DECUBIETA EN ISRAEL UNA CASA DE 10.000 AÑOS DE ANTIGUEDAD.

NOTICIAS:


En una tierra con tanta riqueza histórica como la que queda comprendida entre el río Jordán y el Mediterráneo es difícil encontrar yacimientos que sorprendan a los arqueólogos. Esta semana ha visto una rara excepción. Una excavación al suroeste de Jerusalén, en una zona donde se iba a ampliar una carretera, ha descubierto una estructura de 10.000 años de antigüedad, probablemente una vivienda, que según la Agencia de Antigüedades de Israel es la más antigua del lugar, erigida en el Neolítico y cuyos moradores formaban parte de una generación que comenzaba a abandonar el estilo de vida nómada a favor de uno sedentario, abriendo vías al cultivo y la ganadería.

Otras construcciones en la zona pertenecen a la Edad del Cobre, la segunda mitad del quinto milenio antes de Cristo. Junto a los restos de unos edificios cuya finalidad no se ha identificado aún hay un menhir hexagonal de 1,30 metros de altura y varios cientos de kilos de peso, mínimamente pulido en sus seis lados y con su cara más amplia dirigida al este. Los arqueólogos consideran que era un objeto de culto, lo que podría indicar que cerca de él se hallaba un templo. De momento, en la región sólo se han localizado casas de rezo del Calcolítico en Ein Gedi, en la orilla occidental del Mar Muerto, y en Teleilat Ghassul, en la parte jordana de este.Según los arqueólogos, el edificio fue reparado en varias ocasiones a lo largo de los siglos. Junto a la vivienda se encontraron nueve hachas primitivas, probablemente pertenecientes a una era posterior, que habían sido abandonadas por su dueño. Varias se emplearon como instrumentos de cultivo y otras para el culto. De hecho, hay varios indicios de que en el yacimiento hubo diversos sitios erigidos para la actividad religiosa.
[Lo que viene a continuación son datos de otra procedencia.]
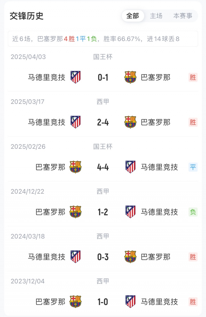 积分榜方面,巴萨11胜1平2负积34分暂位西甲榜首,近期收获联赛四连胜;马竞9胜4平1负积31分暂位西甲第四,各赛事七连胜。巴萨对阵马竞已连续3场不败(2胜1平)。

Los expertos han podido trazar la evolución de la comunidad asentada en este lugar gracias al crecimiento y la expansión de los edificios a lo largo de los siglos. “Esta excavación nos ofrece un amplio retrato de la evolución y el desarrollo de la sociedad en este asentamiento a lo largo de las eras”, explica Amir Golani, uno de los directores de la misión arqueológica. “De este modo podemos ver claramente que en la Edad del Bronce, hace 5.000 años, la sociedad rural hizo la transición a una sociedad urbana. Podemos ver claramente un asentamiento que fue planificado gradualmente, que fue incluyendo callejones y edificios que eran muy impresionantes desde el punto de vista de su tamaño y la forma de su construcción”.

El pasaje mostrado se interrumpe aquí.